Guennadi Rojdestvenski était-il le plus grand chef d'orchestre de l'histoire du ballet ? Ses enregistrements de Roméo et Juliette de Prokofiev et du Lac des cygnes de Tchaïkovski pour le fameux label soviétique Melodiya semblent le confirmer : même si les choses ont évolué depuis en matière de qualité sonore, le tempo et les proportions de chaque numéro de danse paraissent encore parfaits aujourd'hui et quand, sur ce programme, la caméra se tourne vers le chef en plein milieu de la Danse arabe du deuxième acte du Casse-Noisette de Tchaïkovski, on pourrait dire que si les jambes et le reste du corps du chef avaient été doués de l'éloquence expressive qui émane de la chorégraphie recherchée de ses mains, il aurait pu lui aussi être un immense danseur.
Les deux séquences présentées ici, extraites de l'édition 1981 des Proms, illustrent l'un des plus grands moments des trois ans qu'il passa à la tête de l'Orchestre symphonique de la BBC. En se remémorant l'audace de ses programmations, on se prend à regretter que tout n'ait pas été filmé pour la BBC. Quoi qu'il en soit, le présent couplage est une réussite. Tchaïkovski était bien conscient de la dette qu'à l'instar de tout compositeur russe il avait envers Glinka, le père fondateur officiel d'une musique nationale : « Je suis un descendant de Glinka », déclara-t-il fièrement en 1881. Emmené voir, alors qu'il avait neuf ans, La Vie pour le tsar, le premier opéra de Glinka qui raconte le sacrifice d'un paysan plein d'abnégation pour protéger Mikhaïl I d'une invasion polonaise, Tchaïkovski affirma plus tard qu'il aimait cet opéra au-dessus de tout autre, le Don Giovanni de Mozart excepté. Pourtant, en tant que compositeur, il était sans doute plus redevable envers l'opéra suivant de Glinka, Ruslan et Ludmilla, opéra féérique composé en 1842 et inspiré d'un poème héroï-comique de Pouchkine faisant intevenir entre autres des chevaliers rivaux, une belle endormie qui se fait enlever, un méchant nain, une tête géante, un anneau et une épée. L'exotique Marche de Tchernomor, avec son trio mené par un glockenspiel, influença deux miniatures de Tchaïkovski, dont une page de Casse-Noisette, tandis que le moment plein de tension du milieu de l'ouverture où des bois lointains et des accords de cordes s'entrecroisent autour d'une note tenue de cor trouve un écho pour lui rendre hommage dans l'ouverture de Roméo et Juliette.
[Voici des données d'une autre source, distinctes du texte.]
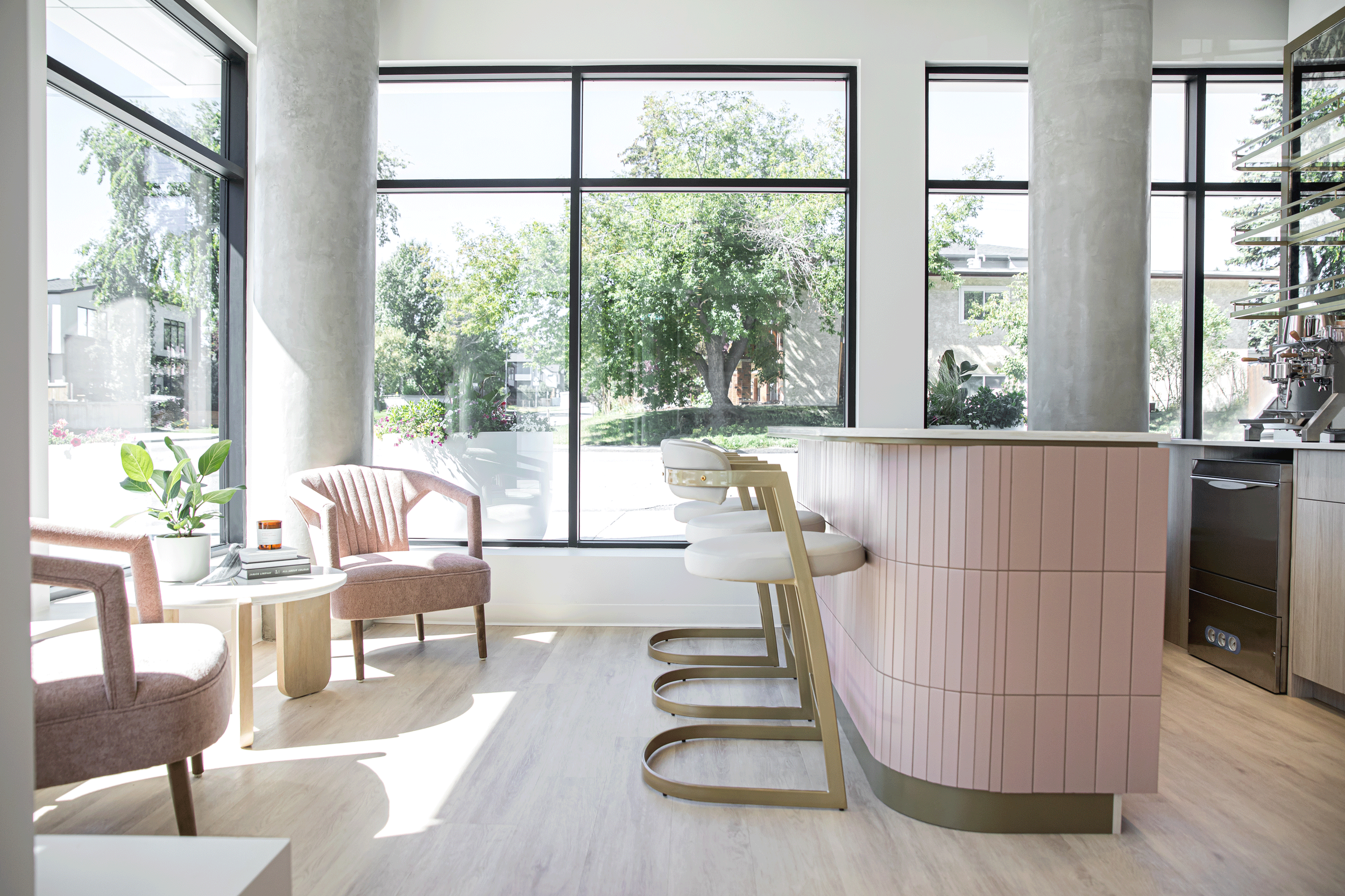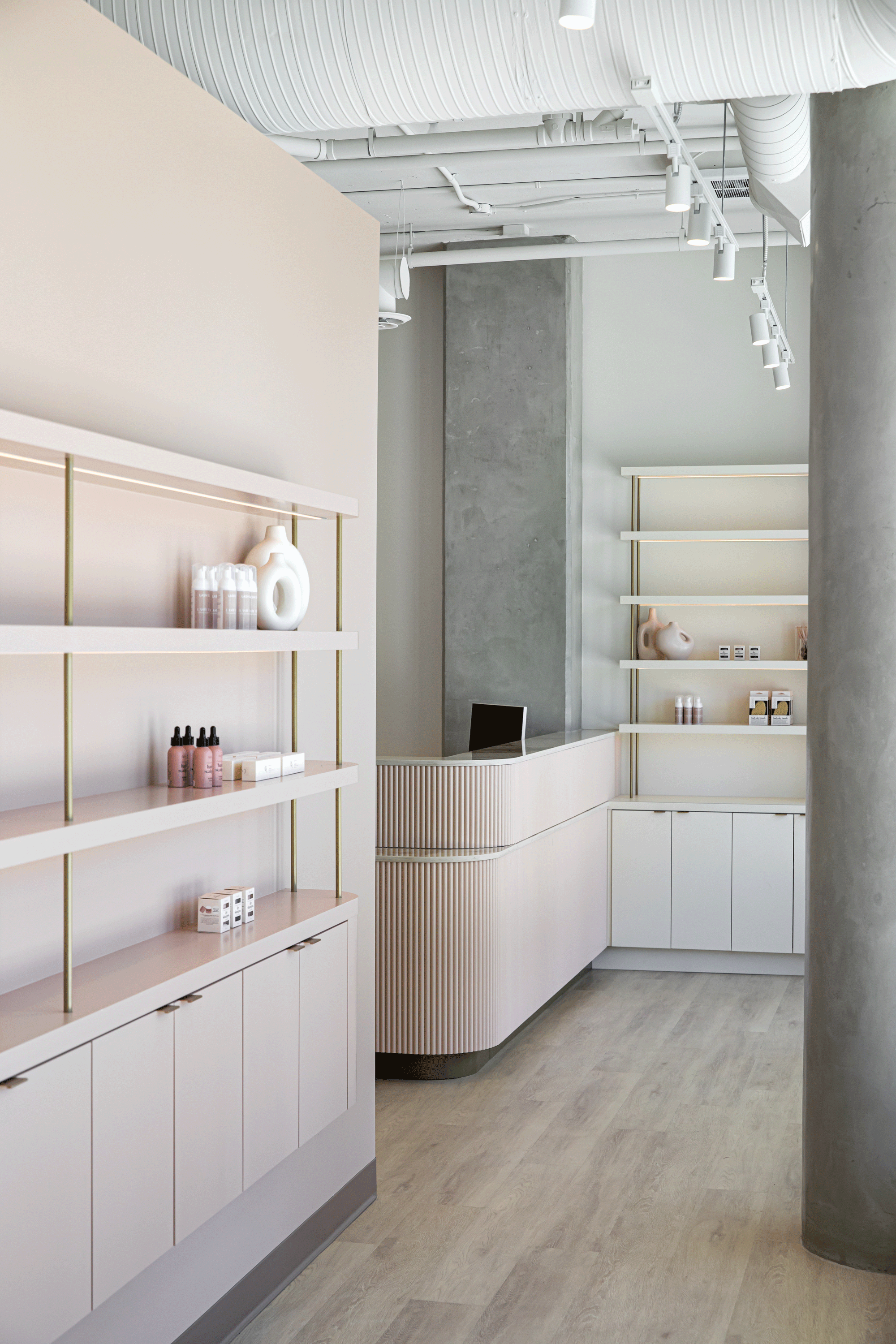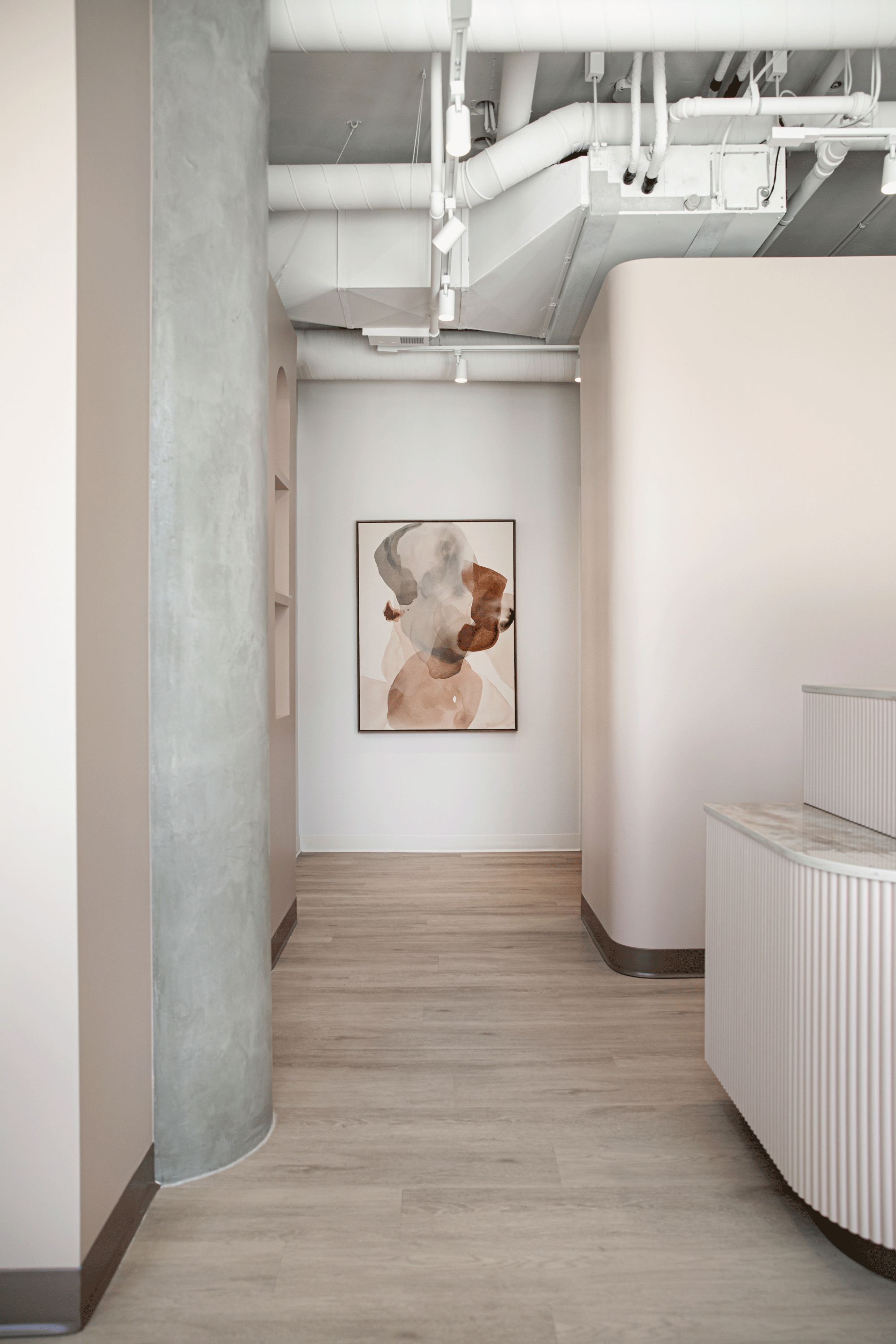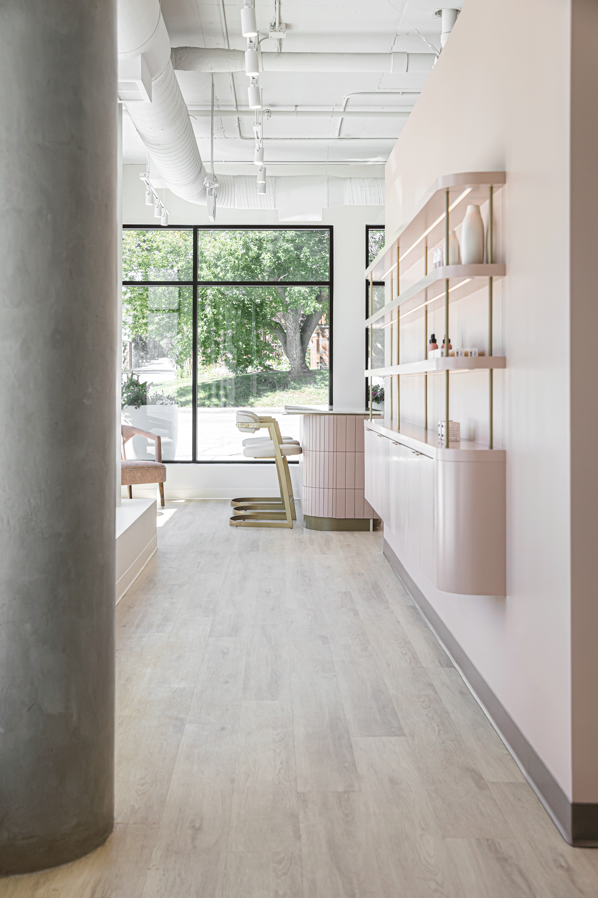 A soft, feminine palette of blush tones and warm neutrals is layered against exposed concrete and industrial elements, creating a space that feels both elevated and grounded. The result is a welcoming, modern environment that reflects LOLA’s commitment to safety, professionalism, and confidence-building beauty experiences, while celebrating the spirit of a proudly female-owned brand.

La deuxième partie de ce programme, enregistrée en juillet 1981, présente le deuxième acte de Casse-Noisette dans son intégralité. Loin de Rojdestvenski l'idée de chambouler la séquence des numéros comme a pu le faire son éminent confrère Yuri Temirkanov : en sa qualité de chef d'orchestre du ballet du Bolchoï à partir du début des années 1950 – il y dirigea Casse-Noisette pour la première fois à l'âge de vingt ans –, Rojdestvenski ne savait que trop bien les dégâts que pouvaient causer les caprices d'un chorégraphe (on en trouve le pire exemple dans l'adaptation cinématographique de Lavrovski du Roméo et Juliette de Prokofiev avec la grande Galina Oulanova, dont Rojdestvenski dirigea la bande sonore ; il eut l'occasion de se racheter un peu plus tard au cours des années 1950 avec son enregistrement intégral).